I'm going to try importing it to Signal to see what happens now. Would this file be safe to attempt to merge with a backup of my messages from the past few days?

Yeah, if you use the normal --importthreads method for that merge I think that should work. This --sleepyh34d is only for this specific case in which the internal _id's are basically guaranteed not be in conflict and reference valid and correct data (because of the simple linear nature of these two backups and since _id's are always incrementing over time and never reused, even if messages are deleted). --importthreads will go through the entire database to change the _id's where necessary and make sure they still reference the correct data.

Nevermind! I imported the fixed file, and it worked! Missing some more recent MMS messages, which were obviously stored past the cutoff, but besides that, everything seems to be back! I then made a signal backup of this, and was able to successfully merge the fixed backup and the backup I made with the messages from the past few days. Just finished importing it to signal for a final time, and everything seems to be good now!

Excellent, I'm happy it worked.

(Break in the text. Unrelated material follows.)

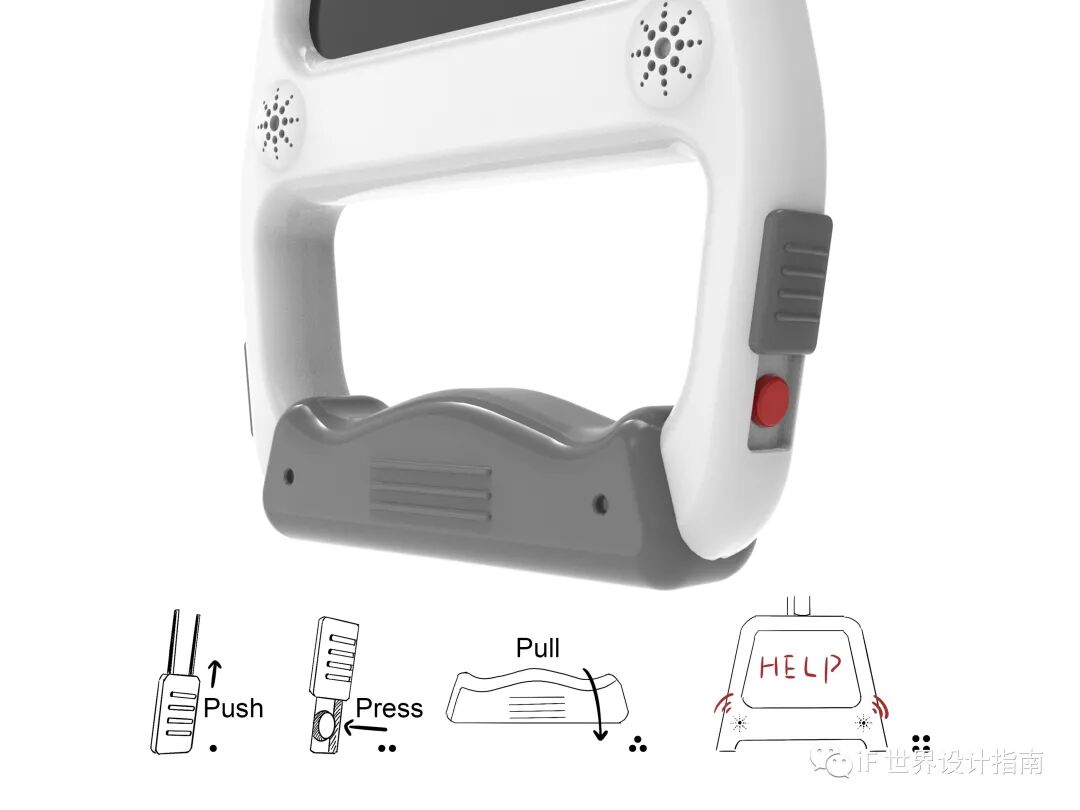 反骚扰手柄解决了公共交通中的性骚扰问题,女性能够快速、方便地发出警告或求救信号。当在拥挤的公交车上受到骚扰时,女性乘客可以通过按下手柄上的按钮并同时拉下手柄来启动报警装置。一旦启动,手柄会发出警报声,集成屏幕会显示求救信号,以吸引其他乘客的注意。

Output looks good, no weird errors or warnings, except WARNING: Found messages in thread not present in old (complete) database... dropping them! which are from your new contact (it's printed twice because the messages are found in both the 'sms' and 'mms' tables).

One last thing I noticed, I started texting with someone new between the time from the intact Feb backup, to now. They're the only person whose messages didn't import. Not a big deal, but thought I'd mention it. I'm guessing since it's using the contact table from the intact backup to fix the truncated one, they wouldn't be there for it to be fixed.

That is exactly right. If those messages were vitally important we could probably get them imported as well, but it'll be a lot more complicated. Let me know if you need this, but otherwise, if you're happy, I'm happy!